- **Work request**: Repeat the data verbatim, images excluded.
══════════
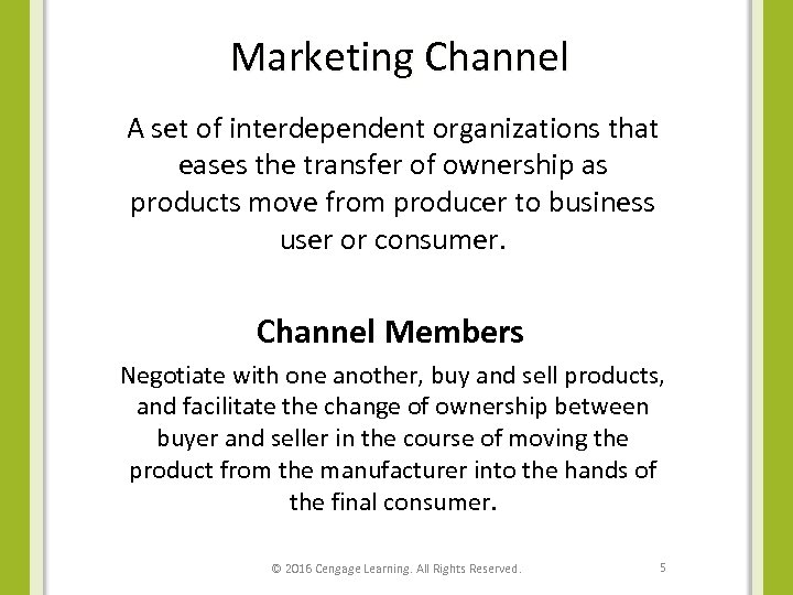 Marketing Channel A set of interdependent organizations that eases the transfer of ownership as products move from producer to business user or consumer. Channel Members Negotiate with one another, buy and sell products, and facilitate the change of ownership between buyer and seller in the course of moving the product from the manufacturer into the hands of the final consumer. © 2016 Cengage Learning. All Rights Reserved. 5
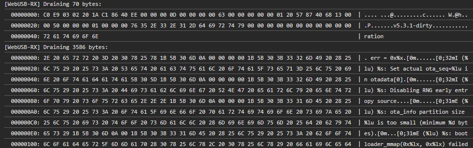 After digging for a while, I made one observation I didn’t expect. When calling the “Read Register” command, the ESP32 ROM bootloader returns two bulk transfers. For a single 14 byte response I was expecting.
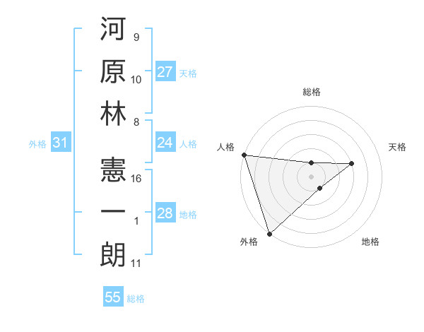 河原林 憲一朗さんの総格は55画の1点!
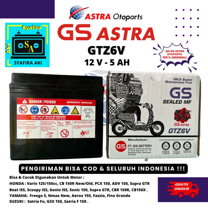 AKI MOTOR VARIO 125/15, NMAX NEW ALL CONNECTED, FAZZIO, FREEGO S GS ASTRA MF GTZ6V 5Ah 12V
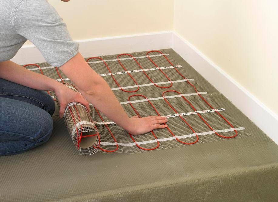 Процесс укладки матов простой, их пластиковая основа легко режется, доступно выполнять необходимые изгибы. Плюс такой систем — нет необходимости вбетонной стяжке, так как используется кабель небольшого диаметра, а плитка устанавливается на тонкий плиточный клей.
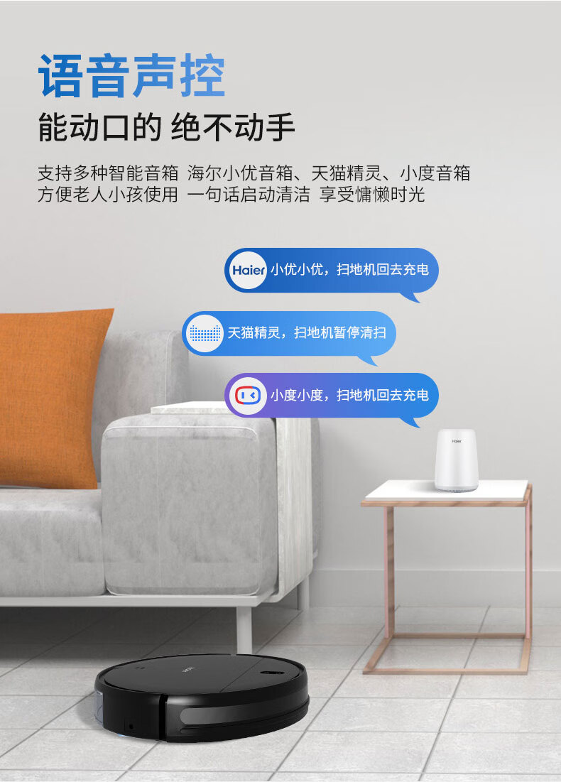 海尔 Haier 家用智能全自动扫地机器人 小钢炮RWA3026BU1升级版吸扫拖一体 7.6cm超薄机身 APP智控
══════════
- **Answer space**:
 Marketing Channel A set of interdependent organizations that eases the transfer of ownership as products move from producer to business user or consumer. Channel Members Negotiate with one another, buy and sell products, and facilitate the change of ownership between buyer and seller in the course of moving the product from the manufacturer into the hands of the final consumer. © 2016 Cengage Learning. All Rights Reserved. 5
 After digging for a while, I made one observation I didn’t expect. When calling the “Read Register” command, the ESP32 ROM bootloader returns two bulk transfers. For a single 14 byte response I was expecting.
 河原林 憲一朗さんの総格は55画の1点!
 AKI MOTOR VARIO 125/15, NMAX NEW ALL CONNECTED, FAZZIO, FREEGO S GS ASTRA MF GTZ6V 5Ah 12V
 Процесс укладки матов простой, их пластиковая основа легко режется, доступно выполнять необходимые изгибы. Плюс такой систем — нет необходимости вбетонной стяжке, так как используется кабель небольшого диаметра, а плитка устанавливается на тонкий плиточный клей.
 海尔 Haier 家用智能全自动扫地机器人 小钢炮RWA3026BU1升级版吸扫拖一体 7.6cm超薄机身 APP智控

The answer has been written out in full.